» **Goal of the exercise**
Leave every picture out and print exactly the lines that run from the one containing "個人的に豊田屋で1番好きなメ" to the end of the listing.

» **Data below**
====
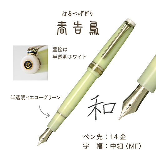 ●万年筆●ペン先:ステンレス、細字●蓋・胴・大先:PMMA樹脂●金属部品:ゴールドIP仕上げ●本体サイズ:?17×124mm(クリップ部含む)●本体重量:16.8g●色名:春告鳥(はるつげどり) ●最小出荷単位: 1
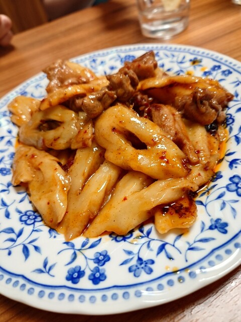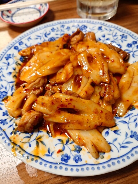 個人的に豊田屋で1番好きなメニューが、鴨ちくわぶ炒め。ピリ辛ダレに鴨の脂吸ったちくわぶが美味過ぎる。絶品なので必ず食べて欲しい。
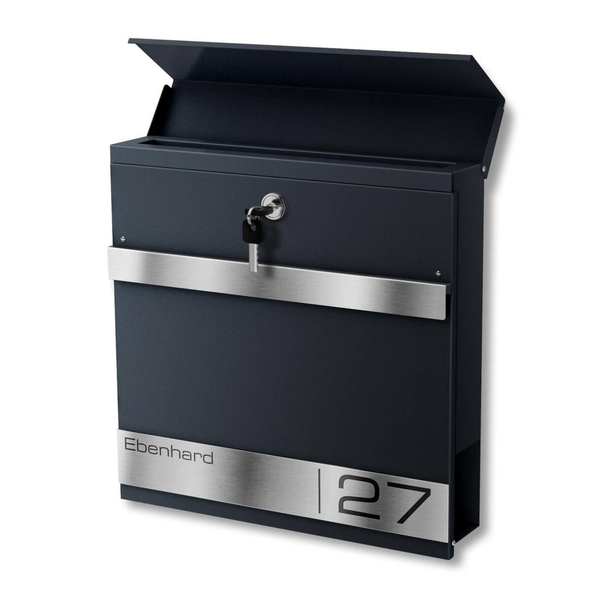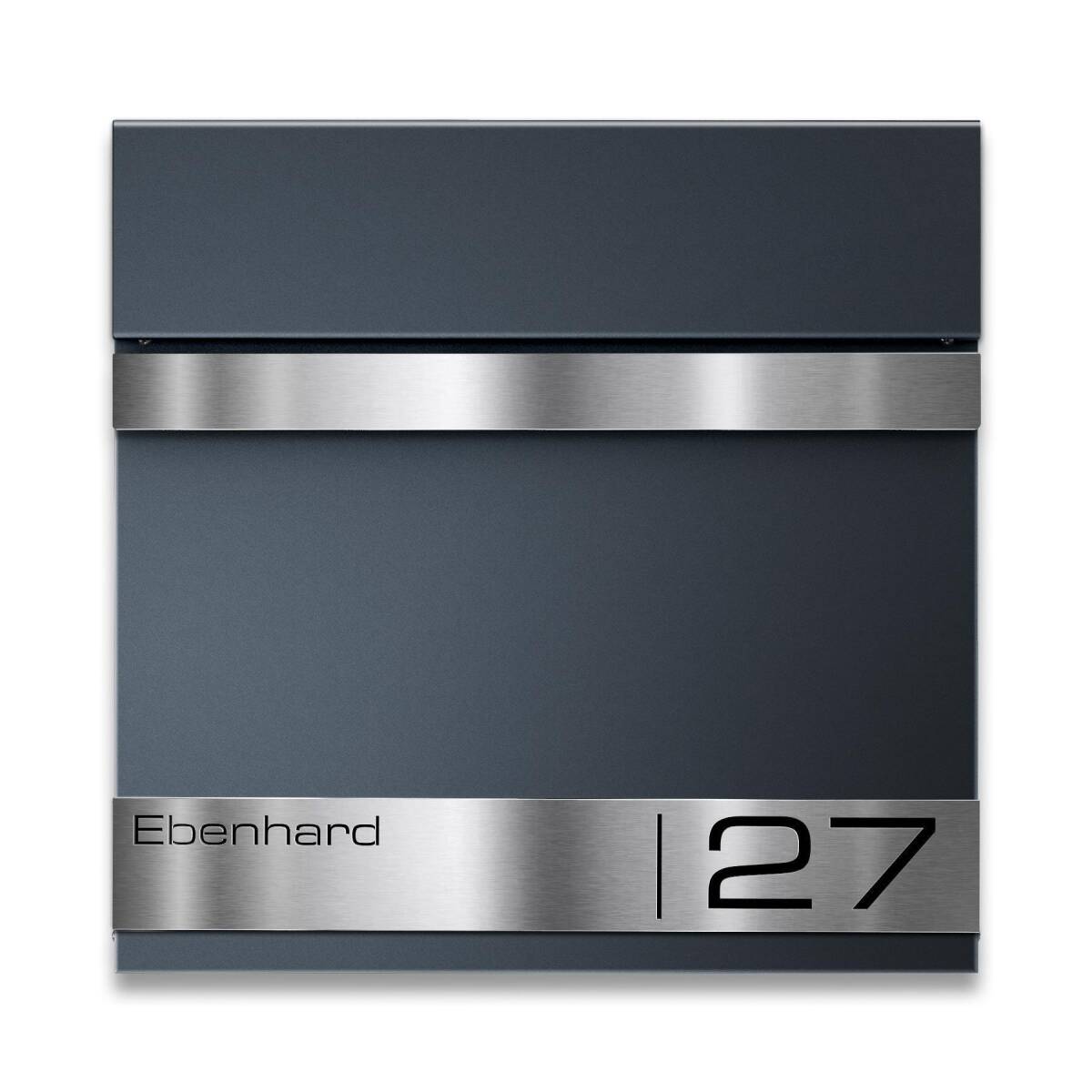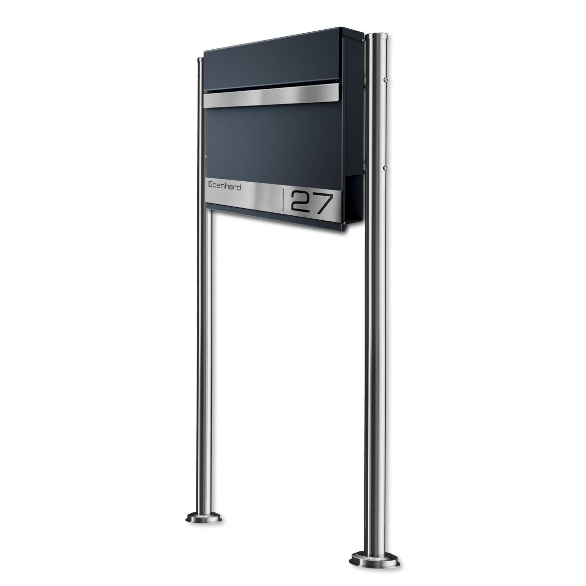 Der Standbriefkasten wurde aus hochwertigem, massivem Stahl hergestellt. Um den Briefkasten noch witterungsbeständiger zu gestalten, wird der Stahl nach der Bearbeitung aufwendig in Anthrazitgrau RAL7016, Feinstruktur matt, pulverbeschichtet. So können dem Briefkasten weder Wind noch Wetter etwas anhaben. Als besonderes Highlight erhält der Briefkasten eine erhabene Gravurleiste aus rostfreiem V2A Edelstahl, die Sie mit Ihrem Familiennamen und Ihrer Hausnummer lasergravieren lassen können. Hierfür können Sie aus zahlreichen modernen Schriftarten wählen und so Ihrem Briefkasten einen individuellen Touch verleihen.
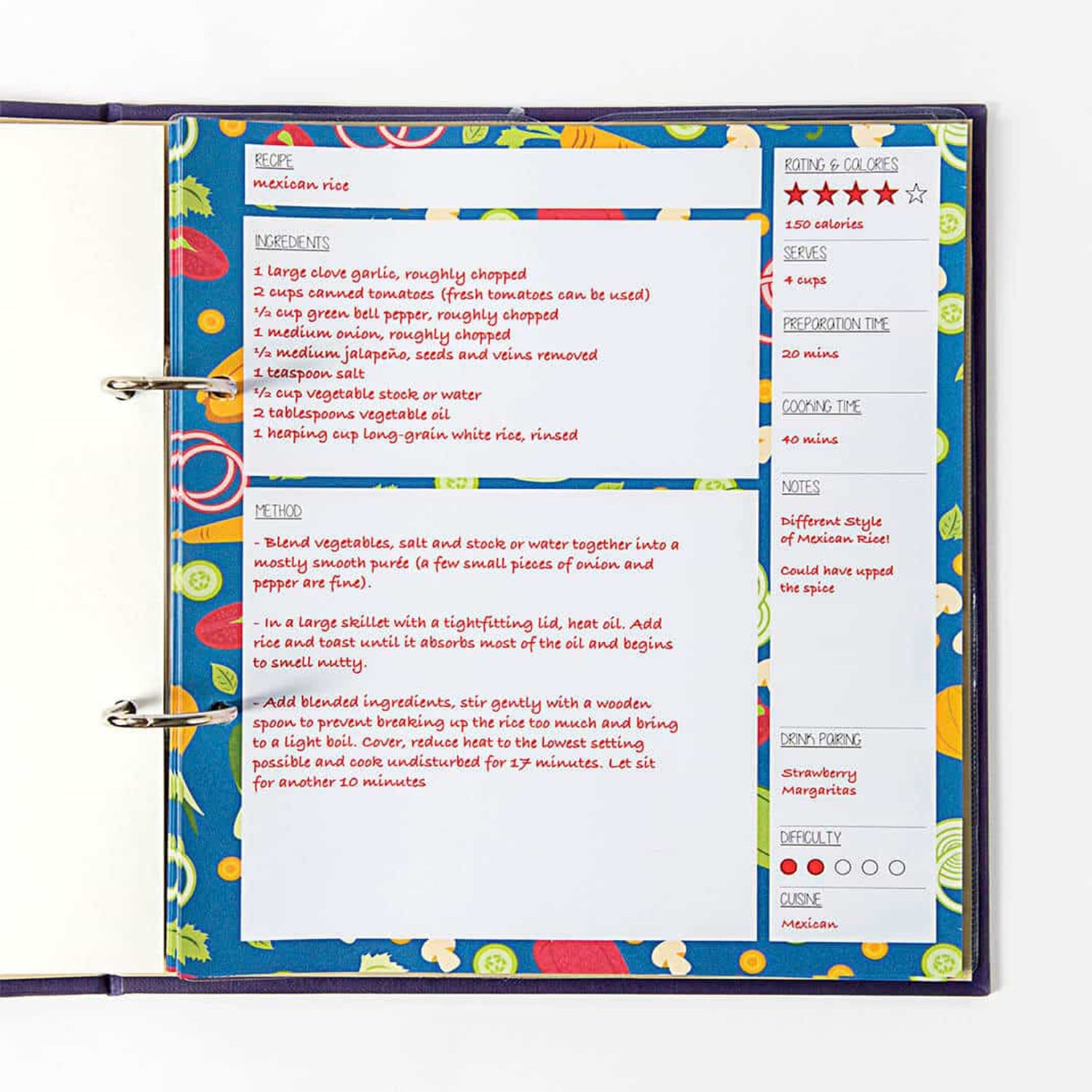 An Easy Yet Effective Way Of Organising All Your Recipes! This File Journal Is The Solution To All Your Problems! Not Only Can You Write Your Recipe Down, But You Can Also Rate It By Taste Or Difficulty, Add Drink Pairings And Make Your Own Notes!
====
» **Reply**
 個人的に豊田屋で1番好きなメニューが、鴨ちくわぶ炒め。ピリ辛ダレに鴨の脂吸ったちくわぶが美味過ぎる。絶品なので必ず食べて欲しい。
 Der Standbriefkasten wurde aus hochwertigem, massivem Stahl hergestellt. Um den Briefkasten noch witterungsbeständiger zu gestalten, wird der Stahl nach der Bearbeitung aufwendig in Anthrazitgrau RAL7016, Feinstruktur matt, pulverbeschichtet. So können dem Briefkasten weder Wind noch Wetter etwas anhaben. Als besonderes Highlight erhält der Briefkasten eine erhabene Gravurleiste aus rostfreiem V2A Edelstahl, die Sie mit Ihrem Familiennamen und Ihrer Hausnummer lasergravieren lassen können. Hierfür können Sie aus zahlreichen modernen Schriftarten wählen und so Ihrem Briefkasten einen individuellen Touch verleihen.
 An Easy Yet Effective Way Of Organising All Your Recipes! This File Journal Is The Solution To All Your Problems! Not Only Can You Write Your Recipe Down, But You Can Also Rate It By Taste Or Difficulty, Add Drink Pairings And Make Your Own Notes!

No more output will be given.